Hudson's new program, the Westchester Cares Action Program (WCAP), was designed to assist clients selected through the chronic illness demonstration project using the integrated care management model.
"We believe that good primary care will lead to prevention of ED visits and readmissions," says Sheilah McGlone, RN, CPUM, CCM, director of case management and utilization review at Hudson Health Plan and co-director of the WCAP.
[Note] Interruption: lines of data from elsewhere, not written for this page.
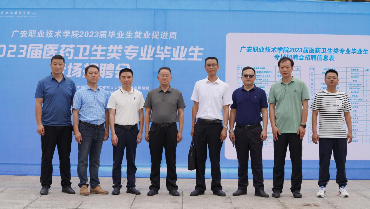 招聘会过程中,广安市卫健委副主任鲁鹏程,学校党委委员、副校长袁祖洪等领导一行来到招聘会现场,亲切关心学生的应聘情况。领导们充分肯定了医学院的就业工作,并向前来面试的同学们提出“就业要面向基层,面向广安,要有为伟人家乡人民服务的就业愿景与家国情怀。”
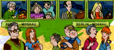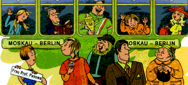 по кругу и поют песню "Wir reisen" на мотив песни "Мы едем, едем, едем ...").
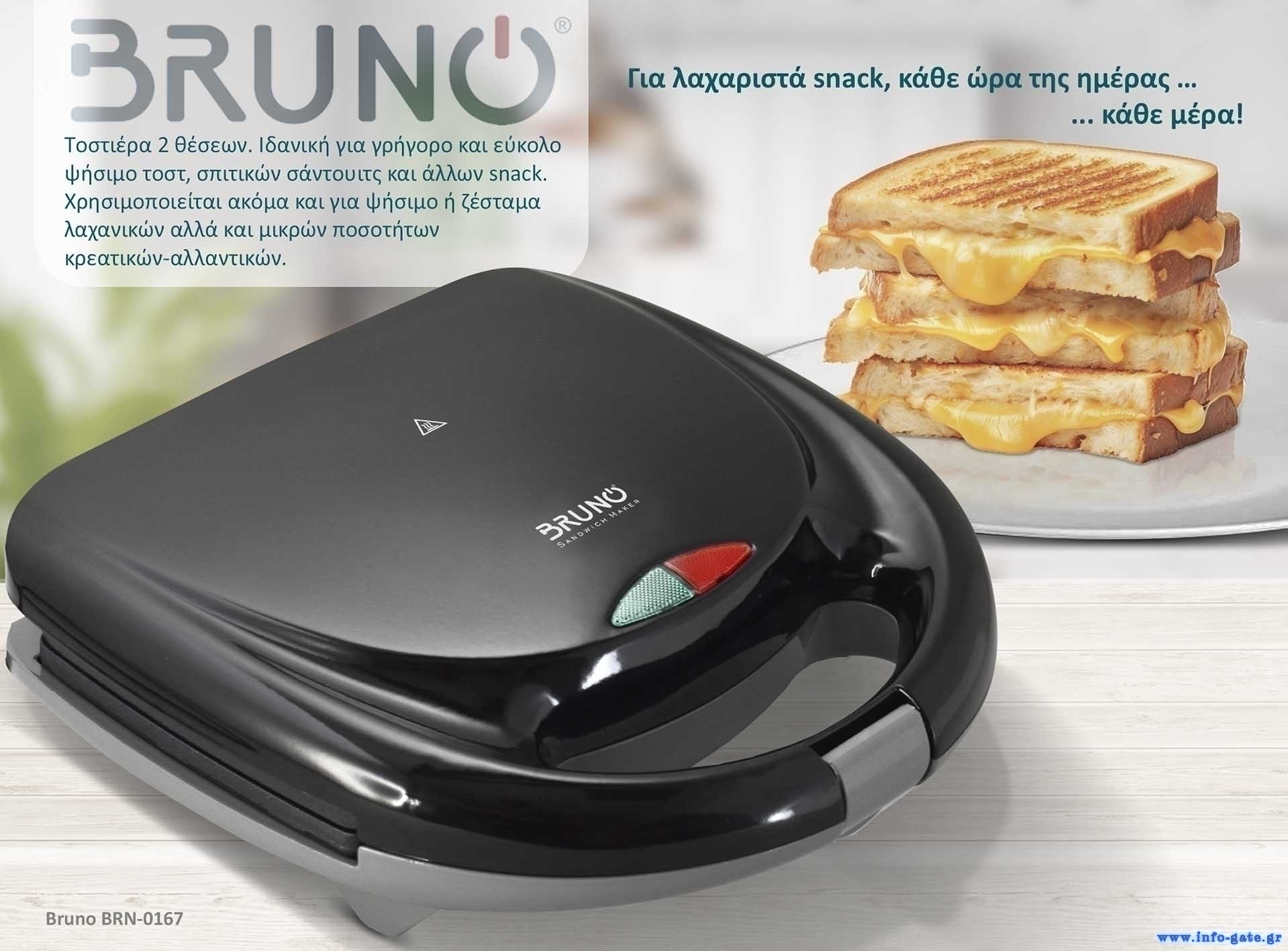 Η τοστιέρα 2 θέσεων BRN-0167 είναι ιδανική για γρήγορο και εύκολο ψήσιμο τοστ, σπιτικών σάντουιτς και άλλων snack σε σύντομο χρόνο.
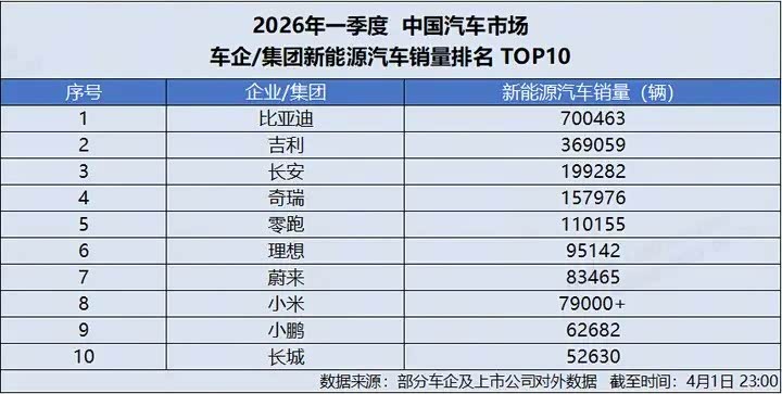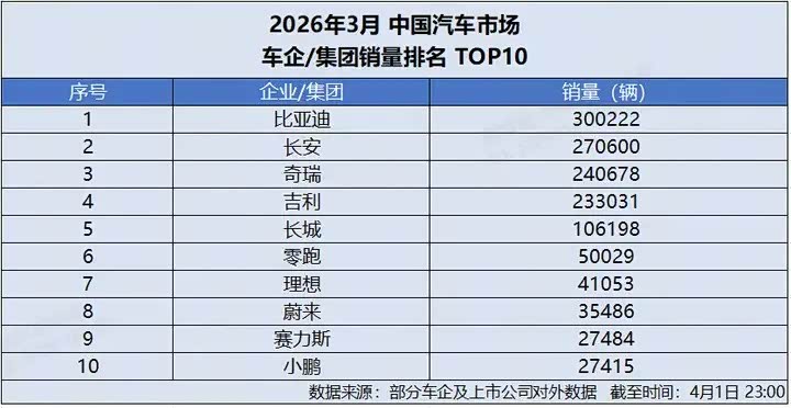 车家号·0浏览·2026-04-08 20:50 · 重庆4 月 1 日,比亚迪发布 2026 年 3 月产销数据,单月总销量达300222 辆,强势突破 30 万辆大关,再添荣耀战绩,斩获中国车企销量冠军,并连续 58 个月蝉联中国新能源汽车销量冠军,持续稳固行业龙头地位。截至目前,比亚迪新能源汽车累计销量已超1580 万辆,一季度累计销售 700463 辆,以硬核数据印证技术与规模双重实力。
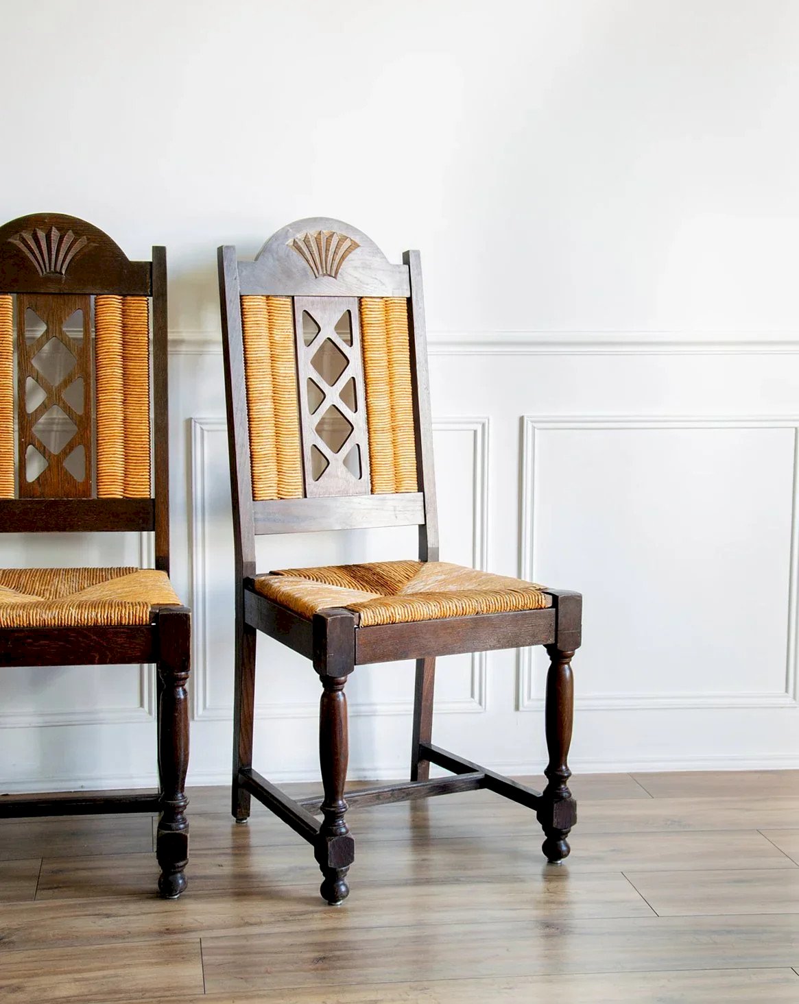 Bring a touch of natural elegance with this chair featuring a sturdy wooden structure. The cane backrest and seat add a refined texture and timeless style to the piece. Pretty details adorn the entire chair, highlighting its neat design. The cane shows some signs of wear, adding character and history to the whole. A unique piece that combines functionality and aesthetics, perfect for a warm decor. Sold individually, three quantities are available! Length: 49 cm Height: 112 cm Seat height: 47 cm Depth: 46 cm Condition: Used: Item that has been used. Item showing some superficial wear marks, ...Used: Item that has been used. Item showing some superficial wear marks, fully operational and functioning properly. It may be a display model or an item returned to the store after a short period of use. Any imperfections. Color: Multicolor Height: Wood, Cane Width: Chairs Brand: Debongout Type: Vintage product Material: Wood, Cane Style: Country
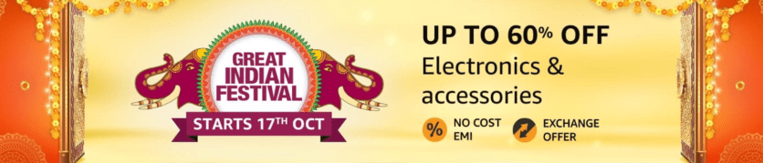 Amazon Great Indian Festival to start from 17th Oct’ 2020. Enjoy big discounts on various products like electronics, clothing, food, mobiles, bags, TVs, refrigerator, daily essentials, speakers and much more.

The WCAP's case managers use the INTERMED-Complexity Assessment Grid (IM-CAG) tool to help evaluate complex patients. The INTERMED Foundation developed the IM-CAG tool to help case managers create a detailed profile of the patient and identify barriers in the following four domains:
Biological. Does the patient have any chronic illnesses?
Psychological. Does the patient have a history of or currently show signs of psychological issues such as depression, anxiety, or substance use?
Social. Does the patient have access to social support services? Does he or she have a stable living arrangement?
Health system. Has the patient had difficulty assessing services? Did he or she have a bad experience with providers?
The case manager shares the results of the assessment with the treatment team as well as the patient to improve coordination of care.
Case managers obtain information by conducting through interviews with patients. Based on their responses, a case manager assigns patients a score and a color designation. The colors correspond to the following categories:
Red is an area of extreme vulnerability that requires immediate action
Orange is an area of moderate vulnerability that should be a part of the treatment plan
Yellow is an area of mild vulnerability that should be monitored
Green is an area that requires no action
"The IM-CAG tool helps formulate a care plan based on priority levels," says Alan Boardman, LMSW, co-director of the WCAP from Beacon Health Strategies.
For example, if a patient is homeless, the case manager can make the "residential stability" field red.
The three-year demonstration project is still in its first year and is currently focused on assessing patients and developing care plans. Boardman and McGlone say they have not begun measuring the program's success. Nevertheless, they hope the project will help make the integrated care model the preferred method for handling complex patients.
Integrated care in action
Hospital case managers do not need to be experts in mental health to be effective in the integrated model, says Perez. She encourages case managers to become familiar with basic mental health issues and seek advice from experts when dealing with complex patients.
But in order for integrated care to work, case managers need to be willing to address behavioral problems when signs are apparent. For example, if a patient is not progressing through rehab as quickly as anticipated, perhaps depression or some other behavioral problem could be slowing the process.
Identification of the mental health problem is only the beginning of the process. "You can't just say [to the patient], 'You need to go get counseling,' " Perez says. Instead, case managers need to take the time to help the patient discover the problem as well as establish relationships with physical and mental health providers for better communication.
Hudson Health Plan tries to facilitate effective communication between hospital case managers and mental health providers as part of its demonstration program.
Some mental health providers may be hesitant to share information about their patients because of confidentiality concerns. In that case, tell the provider that you are not requesting detailed notes, just basic information that you can use to support the patients' needs, Perez says.
Although the reimbursement model does not lend itself to coordination between mental and physical health, a sharp case manager can make a big difference in the care of complex patients. The willingness to address behavioral health issues and their effect on patient outcomes will help case managers meet departmental goals and better serve their patients.